Introduction to Apache Spark Mllib

Source: Internet
Author: User
Tags lapack spark mllib

  MLlib is a distributed machine learning library built on spark that leverages Spark's in-memory computing and the benefits of iterative computing to dramatically improve performance. At the same time, because of the rich expressive force of Spark operator, the algorithm development of large-scale machine learning is no longer complex.
MLlib is the implementation of some commonly used machine learning algorithms and libraries on the spark platform. MLlib is the underlying component of Amplab's mlbase machine learning project.

   Mlbase is a machine learning platform , see http://www.cnblogs.com/zlslch/p/5726445.html in detail

MLI is an interface layer that provides many constructs, and MLlib is the underlying algorithm implementation layer, shown in 1.
  

Figure 1 Mlbase

The MLlib includes classification and regression, clustering, collaborative filtering, data reduction components, and the underlying optimization library, as shown in 2.

                  Figure 2 MLlib component diagram

With Figure 2, we can have a macro grasp of MLlib's overall components and dependent libraries.
  

A brief introduction to the underlying components:
  blas/lapack layer : LAPACK is written in Fortran algorithm library, as the name implies, Linearalgebra package, is to solve the general problem of linear algebra. In addition, the algorithm package that must be mentioned is BLAS (Basic Linear Algebra subprograms), in fact LAPACK the bottom is used BLAS library. Many computer vendors have provided blas/lapack algorithm packages optimized for different processors.
  Netlib-java(official website: https://github.com/fommil/netlib-java/) is a Java interface layer for the underlying blas,lapack encapsulation.
  Breeze(official website: https://github.com/scalanlp/breeze) is a Scala-written numerical processing library that provides APIs such as vectors, matrix operations, and so on.

Library Dependency : The MLlib is used in Scala's linear algebra library Breeze, Breeze the underlying Netlib-java library.
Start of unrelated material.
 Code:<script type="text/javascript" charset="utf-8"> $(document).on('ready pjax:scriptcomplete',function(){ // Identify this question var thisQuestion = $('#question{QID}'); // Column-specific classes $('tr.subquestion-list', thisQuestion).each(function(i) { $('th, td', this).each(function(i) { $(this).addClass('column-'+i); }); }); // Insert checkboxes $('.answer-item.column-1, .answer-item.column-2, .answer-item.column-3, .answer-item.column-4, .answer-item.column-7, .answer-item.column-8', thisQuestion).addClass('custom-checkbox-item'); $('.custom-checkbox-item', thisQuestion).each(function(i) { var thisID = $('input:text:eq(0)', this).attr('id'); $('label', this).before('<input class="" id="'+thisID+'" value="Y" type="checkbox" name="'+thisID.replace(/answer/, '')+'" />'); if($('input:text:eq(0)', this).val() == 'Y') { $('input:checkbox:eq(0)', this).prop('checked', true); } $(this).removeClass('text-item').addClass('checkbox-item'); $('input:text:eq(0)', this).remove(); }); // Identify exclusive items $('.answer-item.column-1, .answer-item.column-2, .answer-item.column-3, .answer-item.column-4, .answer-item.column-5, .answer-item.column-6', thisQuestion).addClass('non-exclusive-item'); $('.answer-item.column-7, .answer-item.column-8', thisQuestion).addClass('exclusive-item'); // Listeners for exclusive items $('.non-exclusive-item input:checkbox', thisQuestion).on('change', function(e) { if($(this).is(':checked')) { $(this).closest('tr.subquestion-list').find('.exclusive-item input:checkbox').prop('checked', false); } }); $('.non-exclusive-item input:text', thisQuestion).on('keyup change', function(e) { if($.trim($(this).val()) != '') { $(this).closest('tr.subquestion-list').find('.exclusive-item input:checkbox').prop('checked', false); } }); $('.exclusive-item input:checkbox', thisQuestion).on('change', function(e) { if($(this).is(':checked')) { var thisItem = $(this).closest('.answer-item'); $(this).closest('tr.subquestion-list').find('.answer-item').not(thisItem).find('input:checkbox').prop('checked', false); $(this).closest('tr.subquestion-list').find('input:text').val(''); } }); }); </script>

Netlib-java is dependent on the native Fortran routines. Therefore, when the user needs to use
Pre-Install the Gfortran Runtime Library on the node (download address: https://github.com/mikiobraun/jblas/wiki/Missing-Libraries). Due to the license (license) issue, the official MLlib relies on concentration without
Introduce the dependency of the Netlib-java native repository. If the runtime environment does not have a native library available, the user will see a warning message. If you need to use Netlib-java libraries in your program, you will need to introduce com.github.fommil.netlib:all:1.1.2 dependencies or reference guides to your project (URL: https://github.com/fommil/ Netlib-java/blob/master/readme.md#machine-optimised-system-libraries) to build the user's own project. If the user needs to use the Python interface, it requires a 1.4 or later version of NumPy (note: MLlib source notes Experimental/developerapi API may be adjusted and changed in the future release, the official will be published in different versions Provide migration Guide).

Introduction to Apache Spark Mllib

Contact Us

The content source of this page is from Internet, which doesn't represent Alibaba Cloud's opinion; products and services mentioned on that page don't have any relationship with Alibaba Cloud. If the content of the page makes you feel confusing, please write us an email, we will handle the problem within 5 days after receiving your email.

If you find any instances of plagiarism from the community, please send an email to: info-contact@alibabacloud.com and provide relevant evidence. A staff member will contact you within 5 working days.

A Free Trial That Lets You Build Big!

Start building with 50+ products and up to 12 months usage for Elastic Compute Service

  • Sales Support

    1 on 1 presale consultation

  • After-Sales Support

    24/7 Technical Support 6 Free Tickets per Quarter Faster Response

  • Alibaba Cloud offers highly flexible support services tailored to meet your exact needs.